Libby's wife, Harriet Grant, wiped away tears but Libby was stoic as Walton ruled.

The pardon question
Libby, the former chief of staff to Vice President Dick Cheney, was convicted in March of lying to investigators and obstructing Special Prosecutor Patrick Fitzgerald's inquiry into the 2003 leak of a CIA operative's identity.

Libby's supporters have called for President Bush to wipe away Libby's convictions. Bush publicly has sidestepped pardon questions, saying he wants to let the legal case play out. A delay would give Bush more time to consider the requests.

"Scooter Libby still has the right to appeal, and therefore the president will continue not to intervene in the judicial process," White House spokeswoman Dana Perino said. "The president feels terribly for Scooter, his wife and their young children, and all that they're going through."

Libby thanked federal marshals but did not take questions from reporters as he left the courthouse with his wife and lawyers. Fitzgerald also left without commenting.

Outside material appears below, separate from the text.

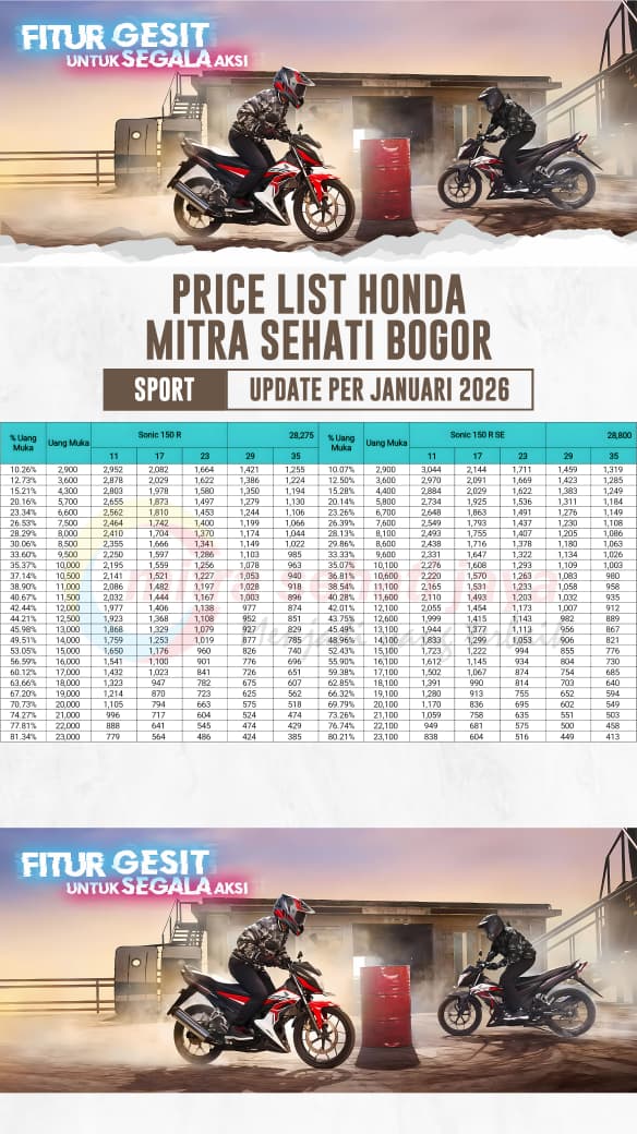 HARGA KAMI DI PASTIKAN LEBIH MURAH CV.MITRA SEHATI JAYA PENJUALAN MOTOR BARU HONDA

Walton never appeared to waver from his opinion that a delay was unwarranted. After 12 prominent law professors filed documents supporting Libby's request, the judge waved it off as "not something I would expect from a first-year in law school."

Judicial threats
He also said he received several "angry, harassing, mean-spirited" letters and phone calls following his sentencing but said they wouldn't factor into his decision.

Libby is the highest-ranking government official ordered to prison since the Iran-Contra affair. His monthlong trial offered a rare glimpse into the White House in the early days of the Iraq war.

Trial testimony showed that Cheney was eager to beat back criticism of prewar intelligence. One of the administration's most outspoken critics in mid-2003 was former Ambassador Joseph Wilson.

Amid a flury of news coverage of that criticism, Bush administration officials leaked to reporters that fact that Wilson's wife, Valerie Plame, worked as an undercover analyst for CIA. That disclosure in a syndicated newspaper column touched off a leak investigation that brought senior White House officials, including Bush and Cheney, in for questioning.

Libby argued he had a good chance of persuading an appeals court that, when Attorney General John Ashcroft and other senior Justice Department officials recused themselves from the leak investigation, they gave Fitzgerald unconstitutional and unchecked authority.

Walton was skeptical, saying the alternative was to put someone with White House ties in charge of an investigation into the highest levels of the Bush administration.

"If that's going to be how we have to operate, our system is going to be in serious trouble with the average Joe on the street who thinks the system is unfair already," Walton said.

Libby's newly formed appellate team — Lawrence S. Robbins and Mark Stancil — will seek an emergency order delaying the sentence. The U.S. Court of Appeals for the District of Columbia Circuit is not sitting right now, however, and attorneys worried about how fast the request would be heard.

The appeals court has several conservative jurists, but that doesn't necessarily mean Libby will get a pass. Walton is a Republican judge whom Bush put on the bench in his first term.